**TO DO**
Below are some records. Print exactly the lines between the one holding "Her bir karesi" and the one holding "The harmonious blend", inclusive, and nothing else.

(Source records)
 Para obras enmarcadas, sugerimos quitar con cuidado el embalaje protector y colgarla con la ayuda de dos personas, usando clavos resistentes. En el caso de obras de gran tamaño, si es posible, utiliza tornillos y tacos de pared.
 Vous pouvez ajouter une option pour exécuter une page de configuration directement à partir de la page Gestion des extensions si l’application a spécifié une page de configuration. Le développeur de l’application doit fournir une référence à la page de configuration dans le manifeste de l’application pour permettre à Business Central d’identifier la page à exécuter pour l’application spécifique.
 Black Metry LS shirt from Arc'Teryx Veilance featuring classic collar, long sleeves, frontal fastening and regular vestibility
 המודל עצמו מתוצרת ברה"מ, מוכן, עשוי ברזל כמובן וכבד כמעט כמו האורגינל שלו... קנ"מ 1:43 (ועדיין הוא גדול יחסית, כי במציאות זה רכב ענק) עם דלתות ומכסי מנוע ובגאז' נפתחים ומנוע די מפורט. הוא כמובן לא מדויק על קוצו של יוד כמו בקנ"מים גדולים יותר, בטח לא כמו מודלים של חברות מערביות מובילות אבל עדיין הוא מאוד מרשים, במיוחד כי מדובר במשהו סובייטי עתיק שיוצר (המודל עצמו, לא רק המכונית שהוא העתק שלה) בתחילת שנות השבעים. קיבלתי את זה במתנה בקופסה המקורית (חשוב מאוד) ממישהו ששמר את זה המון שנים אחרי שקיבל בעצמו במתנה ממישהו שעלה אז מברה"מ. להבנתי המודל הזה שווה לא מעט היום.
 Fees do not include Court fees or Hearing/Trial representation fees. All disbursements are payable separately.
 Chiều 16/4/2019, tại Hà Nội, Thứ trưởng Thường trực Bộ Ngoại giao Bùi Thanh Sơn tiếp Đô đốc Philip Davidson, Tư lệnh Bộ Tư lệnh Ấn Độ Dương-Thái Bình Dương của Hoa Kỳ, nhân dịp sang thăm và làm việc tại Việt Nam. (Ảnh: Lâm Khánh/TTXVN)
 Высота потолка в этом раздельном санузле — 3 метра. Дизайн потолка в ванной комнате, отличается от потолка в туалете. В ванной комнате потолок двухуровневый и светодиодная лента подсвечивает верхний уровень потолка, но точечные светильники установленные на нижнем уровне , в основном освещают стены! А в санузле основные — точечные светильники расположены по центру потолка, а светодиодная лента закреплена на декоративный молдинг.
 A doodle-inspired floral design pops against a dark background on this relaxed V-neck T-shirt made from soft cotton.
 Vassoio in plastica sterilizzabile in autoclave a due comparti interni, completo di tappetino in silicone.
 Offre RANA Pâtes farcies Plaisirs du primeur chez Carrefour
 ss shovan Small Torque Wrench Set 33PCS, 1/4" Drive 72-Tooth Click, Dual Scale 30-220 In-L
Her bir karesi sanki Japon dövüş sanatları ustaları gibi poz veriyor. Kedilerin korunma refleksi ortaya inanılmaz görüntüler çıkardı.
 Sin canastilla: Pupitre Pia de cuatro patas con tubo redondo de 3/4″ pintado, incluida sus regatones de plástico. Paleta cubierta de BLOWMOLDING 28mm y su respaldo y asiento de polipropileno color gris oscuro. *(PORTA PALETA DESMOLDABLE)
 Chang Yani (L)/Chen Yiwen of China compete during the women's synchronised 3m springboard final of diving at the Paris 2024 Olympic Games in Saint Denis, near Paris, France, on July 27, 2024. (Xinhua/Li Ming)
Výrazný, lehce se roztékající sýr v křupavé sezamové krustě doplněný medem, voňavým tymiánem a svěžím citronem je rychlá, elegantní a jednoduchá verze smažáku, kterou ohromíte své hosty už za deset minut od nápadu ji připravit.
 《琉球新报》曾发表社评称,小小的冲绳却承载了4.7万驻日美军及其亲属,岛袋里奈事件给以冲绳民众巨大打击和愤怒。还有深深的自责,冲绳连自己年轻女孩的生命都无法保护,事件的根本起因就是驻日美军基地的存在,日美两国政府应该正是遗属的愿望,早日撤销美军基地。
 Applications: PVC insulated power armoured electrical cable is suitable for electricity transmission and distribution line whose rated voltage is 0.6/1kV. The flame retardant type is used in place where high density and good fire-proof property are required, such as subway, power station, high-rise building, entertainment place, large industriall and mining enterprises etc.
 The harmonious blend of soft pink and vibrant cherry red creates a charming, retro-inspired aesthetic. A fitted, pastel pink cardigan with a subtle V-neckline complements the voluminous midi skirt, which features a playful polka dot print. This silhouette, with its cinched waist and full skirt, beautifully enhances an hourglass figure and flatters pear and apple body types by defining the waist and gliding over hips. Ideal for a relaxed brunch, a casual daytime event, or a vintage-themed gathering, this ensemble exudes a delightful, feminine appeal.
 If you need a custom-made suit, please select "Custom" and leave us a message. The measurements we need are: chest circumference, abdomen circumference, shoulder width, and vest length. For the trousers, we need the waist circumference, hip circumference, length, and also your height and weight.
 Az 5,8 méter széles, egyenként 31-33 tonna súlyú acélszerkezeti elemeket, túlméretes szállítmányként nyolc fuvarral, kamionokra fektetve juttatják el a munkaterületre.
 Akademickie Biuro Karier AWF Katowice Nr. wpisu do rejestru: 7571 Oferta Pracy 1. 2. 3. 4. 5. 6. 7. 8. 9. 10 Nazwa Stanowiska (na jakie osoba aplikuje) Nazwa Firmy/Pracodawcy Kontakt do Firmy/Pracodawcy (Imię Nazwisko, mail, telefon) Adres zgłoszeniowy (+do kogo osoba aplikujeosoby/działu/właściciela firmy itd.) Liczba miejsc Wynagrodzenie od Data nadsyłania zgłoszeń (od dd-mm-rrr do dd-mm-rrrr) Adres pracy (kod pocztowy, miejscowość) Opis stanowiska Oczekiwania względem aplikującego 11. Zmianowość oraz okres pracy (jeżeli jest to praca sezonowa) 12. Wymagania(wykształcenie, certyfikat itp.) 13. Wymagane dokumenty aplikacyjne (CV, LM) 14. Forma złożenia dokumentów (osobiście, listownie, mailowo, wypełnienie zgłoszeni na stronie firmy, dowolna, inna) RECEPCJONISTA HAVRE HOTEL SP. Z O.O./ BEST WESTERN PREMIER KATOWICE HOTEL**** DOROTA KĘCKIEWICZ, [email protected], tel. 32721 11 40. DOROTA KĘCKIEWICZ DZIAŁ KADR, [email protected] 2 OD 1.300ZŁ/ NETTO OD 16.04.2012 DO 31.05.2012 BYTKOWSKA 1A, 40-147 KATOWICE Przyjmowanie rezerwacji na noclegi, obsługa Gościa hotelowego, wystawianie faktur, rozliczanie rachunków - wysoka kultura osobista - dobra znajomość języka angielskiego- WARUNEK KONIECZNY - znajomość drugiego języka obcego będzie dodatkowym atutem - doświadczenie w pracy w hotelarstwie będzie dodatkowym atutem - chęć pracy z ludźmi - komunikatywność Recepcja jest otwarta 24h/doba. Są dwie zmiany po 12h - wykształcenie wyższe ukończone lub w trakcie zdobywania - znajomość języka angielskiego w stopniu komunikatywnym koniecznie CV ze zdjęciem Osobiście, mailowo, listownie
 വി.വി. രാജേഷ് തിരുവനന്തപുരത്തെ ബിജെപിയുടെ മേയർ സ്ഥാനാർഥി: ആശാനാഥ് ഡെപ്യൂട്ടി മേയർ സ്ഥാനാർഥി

**TASK RESPONSE**
Her bir karesi sanki Japon dövüş sanatları ustaları gibi poz veriyor. Kedilerin korunma refleksi ortaya inanılmaz görüntüler çıkardı.
 Sin canastilla: Pupitre Pia de cuatro patas con tubo redondo de 3/4″ pintado, incluida sus regatones de plástico. Paleta cubierta de BLOWMOLDING 28mm y su respaldo y asiento de polipropileno color gris oscuro. *(PORTA PALETA DESMOLDABLE)
 Chang Yani (L)/Chen Yiwen of China compete during the women's synchronised 3m springboard final of diving at the Paris 2024 Olympic Games in Saint Denis, near Paris, France, on July 27, 2024. (Xinhua/Li Ming)
Výrazný, lehce se roztékající sýr v křupavé sezamové krustě doplněný medem, voňavým tymiánem a svěžím citronem je rychlá, elegantní a jednoduchá verze smažáku, kterou ohromíte své hosty už za deset minut od nápadu ji připravit.
 《琉球新报》曾发表社评称,小小的冲绳却承载了4.7万驻日美军及其亲属,岛袋里奈事件给以冲绳民众巨大打击和愤怒。还有深深的自责,冲绳连自己年轻女孩的生命都无法保护,事件的根本起因就是驻日美军基地的存在,日美两国政府应该正是遗属的愿望,早日撤销美军基地。
 Applications: PVC insulated power armoured electrical cable is suitable for electricity transmission and distribution line whose rated voltage is 0.6/1kV. The flame retardant type is used in place where high density and good fire-proof property are required, such as subway, power station, high-rise building, entertainment place, large industriall and mining enterprises etc.
 The harmonious blend of soft pink and vibrant cherry red creates a charming, retro-inspired aesthetic. A fitted, pastel pink cardigan with a subtle V-neckline complements the voluminous midi skirt, which features a playful polka dot print. This silhouette, with its cinched waist and full skirt, beautifully enhances an hourglass figure and flatters pear and apple body types by defining the waist and gliding over hips. Ideal for a relaxed brunch, a casual daytime event, or a vintage-themed gathering, this ensemble exudes a delightful, feminine appeal.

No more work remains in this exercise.